In 1855 she and her parents established a residence in Nashville, Tennessee.[2]
Urso played with the Philharmonic Society in Boston in 1863, and later that same year in New York with the New York Philharmonic. In 1863–1864 she toured New England with the Patrick S. Gilmore band and in 1864–1865 went on tour in Canada. In June 1865 she appeared to great acclaim in Paris. For the next thirty years she toured the United States and abroad,[2] including Australia and South Africa. She stopped performing in 1895 and lived in New York, where she taught privately and at the National Conservatory of Music. She died in New York[2] and is buried in the Green-Wood Cemetery.
References
Notes
Sources
- Encyclopædia Britannica article on Camilla Urso
- This article incorporates text from a publication now in the public domain: Gilman, D. C.; Thurston, H. T.; Colby, F. M., eds. (1905). "article name needed". New International Encyclopedia (1st ed.). New York: Dodd, Mead.
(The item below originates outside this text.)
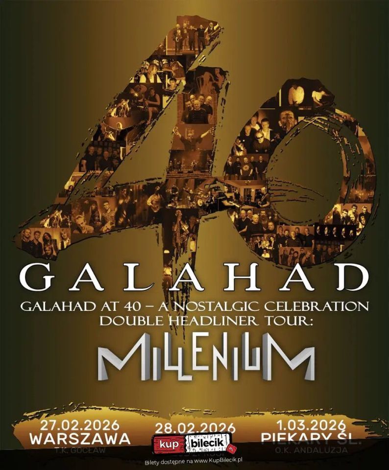 Przygotuj się na niezapomnianą podróż przez cztery dekady progresywnego rocka! Legendarny brytyjski zespół neoprogresywny Galahad świętuje swoje 40-lecie serią specjalnych koncertów w ramach trasy "Galahad at 40 - A Nostalgic Celebration". To prawdziwa uczta dla fanów progresywnego rocka, w formacie double headliner! Obok Galahad, na scenie pojawi się ceniona polska grupa Millenium, znana z emocjonalnego, klimatycznego i technicznie doskonałego brzmienia.
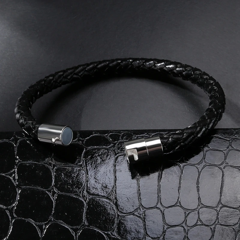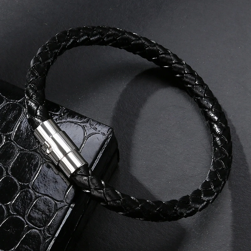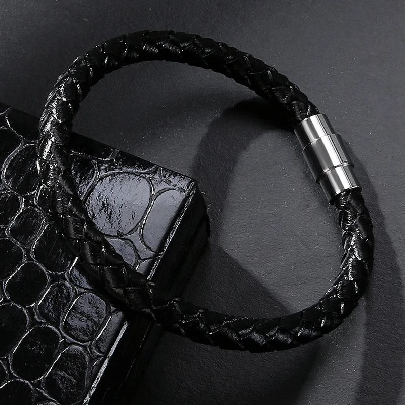 Браслет мужской кожаный плетеный, из нержавеющей стали, магнитный, ...

- Lawrence, Vera Brodsky (1995). Strong on Music: The New York Music Scene in the Days of George Templeton Strong. Volume II. Reverberations, 1850–1856. Chicago: The University of Chicago Press. ISBN 9780226470115.
- Pierre, Constant, editor (1900). Le Conservatoire national de musique et de déclamation. Documents historiques et administratifs. Paris: Imprimerie National. 1031 pages. View at Internet Archive.
External links
Wikimedia Commons has media related to Camille Urso. |
- "Urso, Camilla" in The New International Encyclopaedia New York: Dodd, Mead and Company, 1905. View at the Internet Archive.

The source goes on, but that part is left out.